Raw data:
[Start of section]
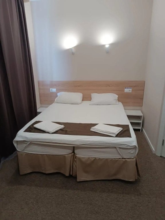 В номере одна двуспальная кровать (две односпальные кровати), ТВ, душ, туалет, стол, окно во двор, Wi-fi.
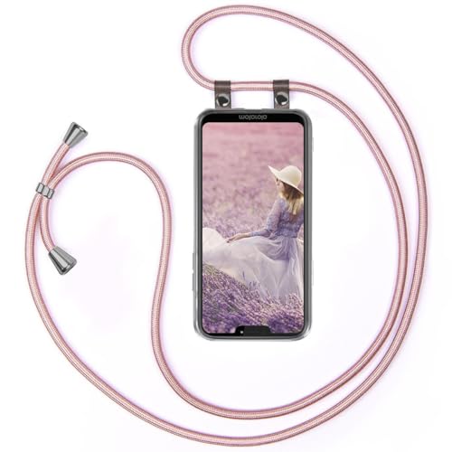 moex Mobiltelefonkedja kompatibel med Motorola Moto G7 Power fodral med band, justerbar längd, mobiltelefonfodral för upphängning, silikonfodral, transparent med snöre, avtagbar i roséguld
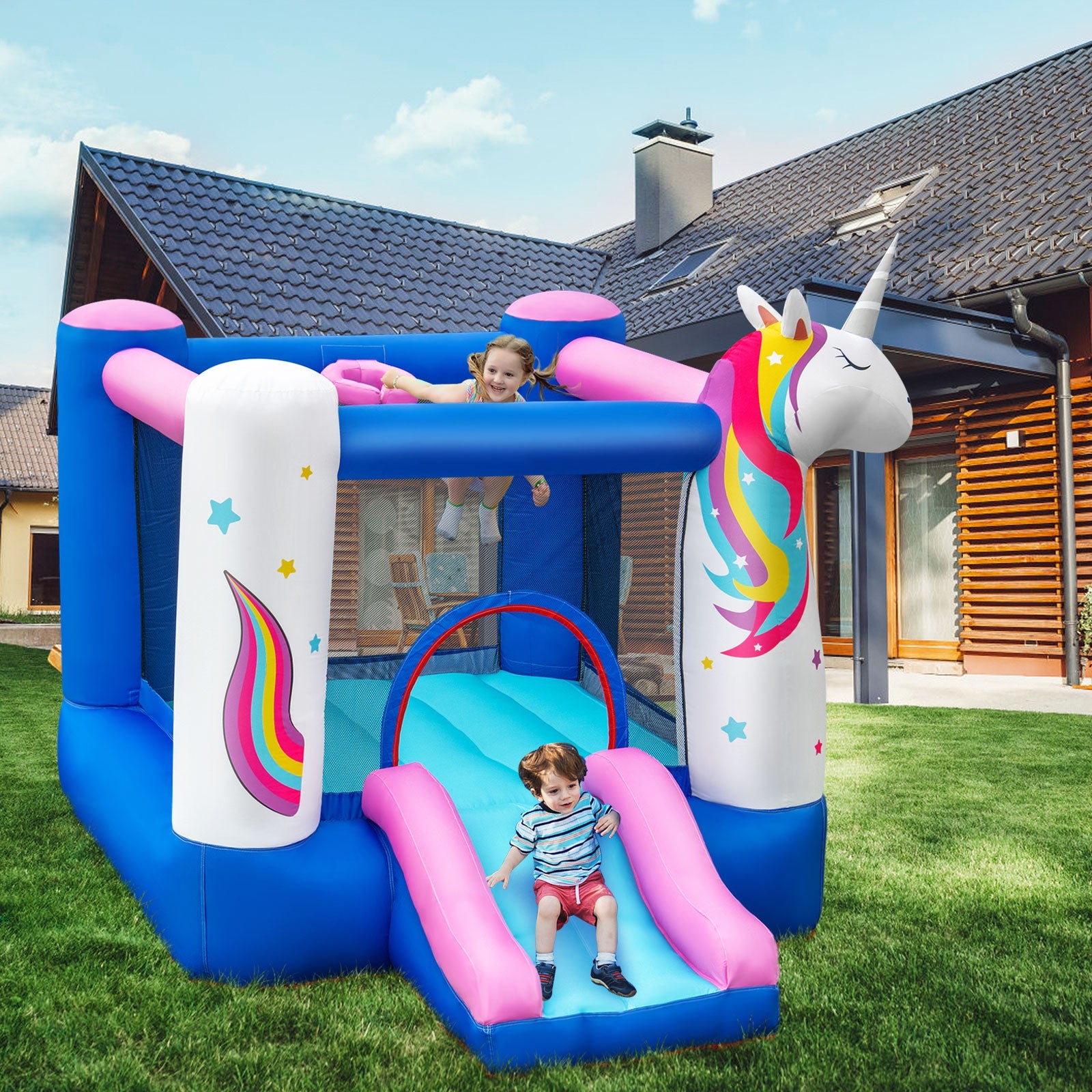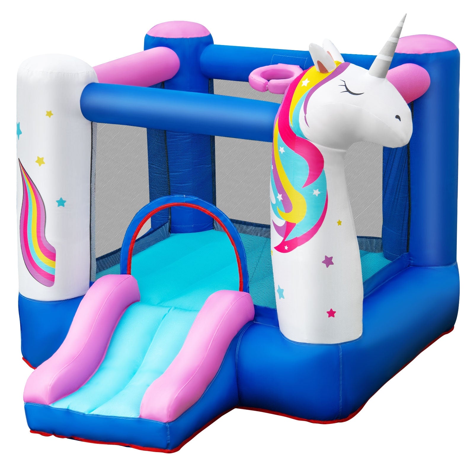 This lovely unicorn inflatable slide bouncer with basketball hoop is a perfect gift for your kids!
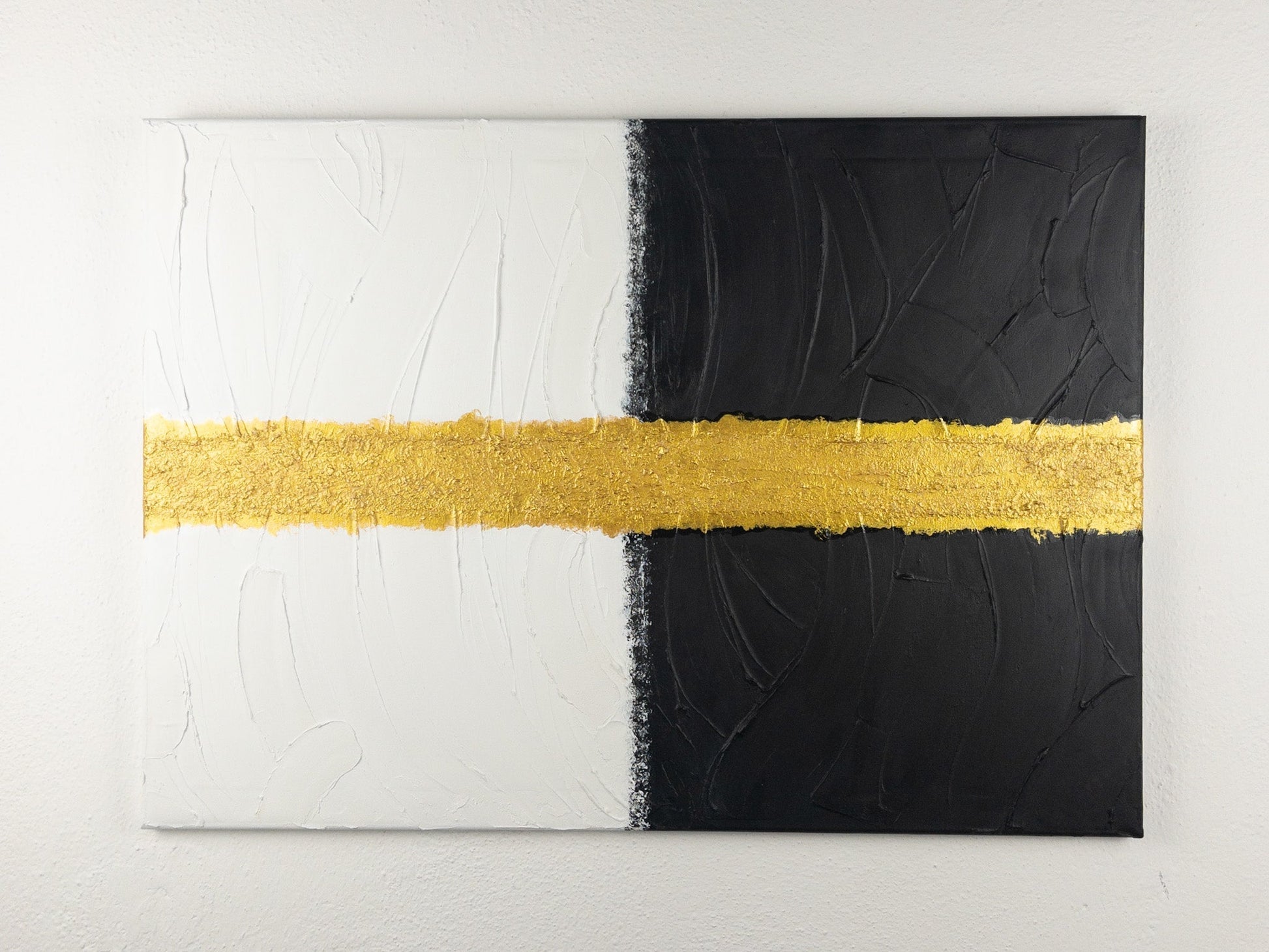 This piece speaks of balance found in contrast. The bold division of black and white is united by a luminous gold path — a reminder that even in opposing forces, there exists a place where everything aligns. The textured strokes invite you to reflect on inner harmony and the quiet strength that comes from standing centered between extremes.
[End of section]
Problem:
Could you give the material above again, exactly and without its pictures?

Written response:
 В номере одна двуспальная кровать (две односпальные кровати), ТВ, душ, туалет, стол, окно во двор, Wi-fi.
 moex Mobiltelefonkedja kompatibel med Motorola Moto G7 Power fodral med band, justerbar längd, mobiltelefonfodral för upphängning, silikonfodral, transparent med snöre, avtagbar i roséguld
 This lovely unicorn inflatable slide bouncer with basketball hoop is a perfect gift for your kids!
 This piece speaks of balance found in contrast. The bold division of black and white is united by a luminous gold path — a reminder that even in opposing forces, there exists a place where everything aligns. The textured strokes invite you to reflect on inner harmony and the quiet strength that comes from standing centered between extremes.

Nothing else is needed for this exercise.